Nationwide home prices continued to recover in January, but how did our local housing market perform by comparison?
Chicago home prices continued to lag behind most of the nation’s major housing markets in January according to the lastest Case-Shiller Home Price Indices from Standard & Poor’s, though the situation was not entirely bad for the Windy City.
For January, Chicago home prices were down 0.9 percent from December; though that’s the fifth straight month of declines for Chicago, home price declines are expected this time of the year, a historically slow period for home prices (for instance, the city with the largest monthly increase, Las Vegas, saw prices rise just 1.6 percent).
Year-over-year home prices in Chicago were up 3.3 percent, though the city’s yearly gains were among the weakest in the nation, with only New York posting weaker yearly returns – though to be fair, that increase did come after 28 consecutive months of negative annual returns for the Big Apple, so even things at the bottom are looking up in housing.

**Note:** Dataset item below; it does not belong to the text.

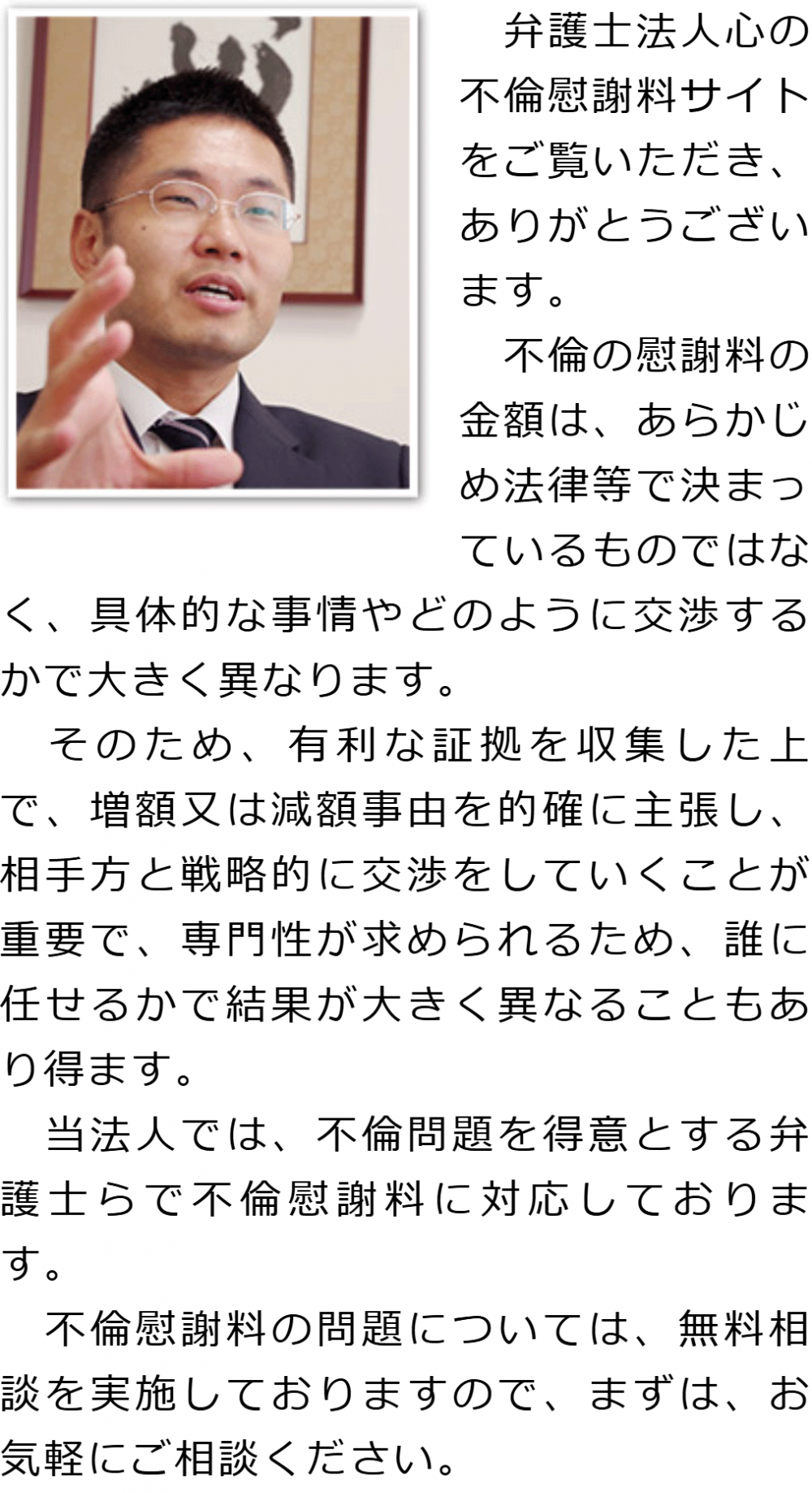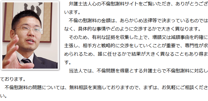 トップその他代表メッセージ 階層構造▼ その他(目次) 代表メッセージ その他(目次)その他トップ共通バナー元※削除不可心グループニュース(新着情報)弁護士・スタッフ選ばれる理由お役立ち情報・Q&Aお役立ち情報不倫の慰謝料請求の時効事実婚における不倫の慰謝料請求Q&A不倫慰謝料の求償権に関するQ&A電話相談・テレビ電話相談について代表メッセージプライバシーポリシー 受付時間 平日 9時~21時、土日祝 9時~18時 夜間・土日祝の相談も対応します (要予約) 所在地 〒286-0033 千葉県成田市花崎町801-1京阪成田ビル6F 0120-41-2403 お問合せ・アクセス・地図
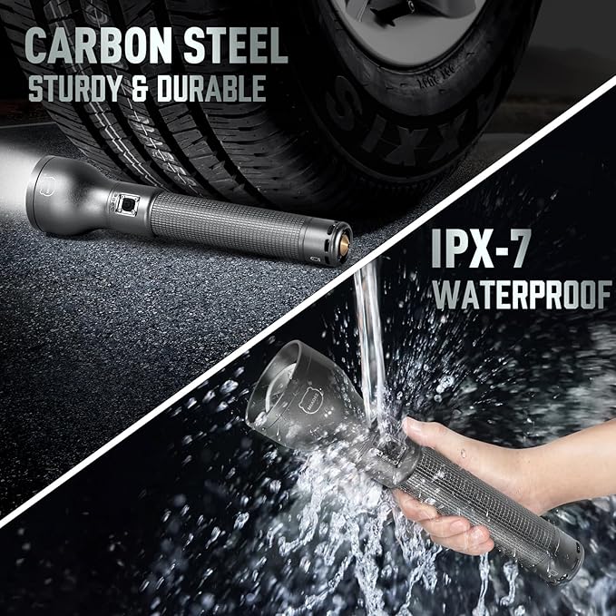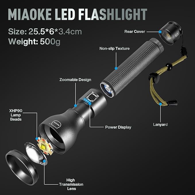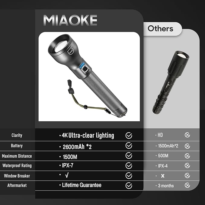- 【Rugged for any High-Intensity Work】 MIAOKE Flashlights with high lumens, extended handle and surface texture for better grip, black steel stone attached to the tail for emergency escape design, full-body hard steel metal, creating a sturdy and durable ultra-high-quality, IPX7 Waterproof suitable for any adverse stormy, snowy weather, forest fire escape, camping, search and rescue, and night lighting needs.

Nationwide Home Prices Continue to Recover in Case-Shiller
Nationwide, home prices continued to show notable improvement:
- Year-over-year, home prices were up 7.3 percent in the Case-Shiller’s 10-City Composite and 8.1 percent in its 20-City Composite, with all 20 cities measured by S&P showing yearly price increases; those are the highest yearly increases for the composites since the summer of 2006.
- Even monthly, the 10- and 20-City Composites were positive, with prices rising 0.2 and 0.1 percent, respectively.
- On a monthly basis, nine cities – Atlanta, Charlotte, Las Vegas, Los Angeles, Miami, New York, Phoenix, San Francisco and Tampa – showed positive returns, while yearly, eight cities – Atlanta, Detroit, Las Vegas, Los Angeles, Miami, Minneapolis, Phoenix and San Francisco – saw prices jump by double digits.
David M. Blitzer – Data Supports the Housing Recovery
David M. Blitzer, the chairman of the Index Committee at S&P Dow Jones Indices, said the latest Case-Shiller data supports the now widely held notion of a broad housing recovery.
“The two headline composites posted their highest year-over-year increases since summer 2006. This marks the highest increase
since the housing bubble burst,” Blitzer said. “Economic data continues to support the housing recovery. Single-family homebuilding permits and housing
starts posted double-digit year-over-year increases in February 2013. Despite a slight uptick in foreclosure filings, numbers are still down 25 percent year-over-year. Steady employment and low borrowing rates pushed inventories down to their lowest post-recession levels.”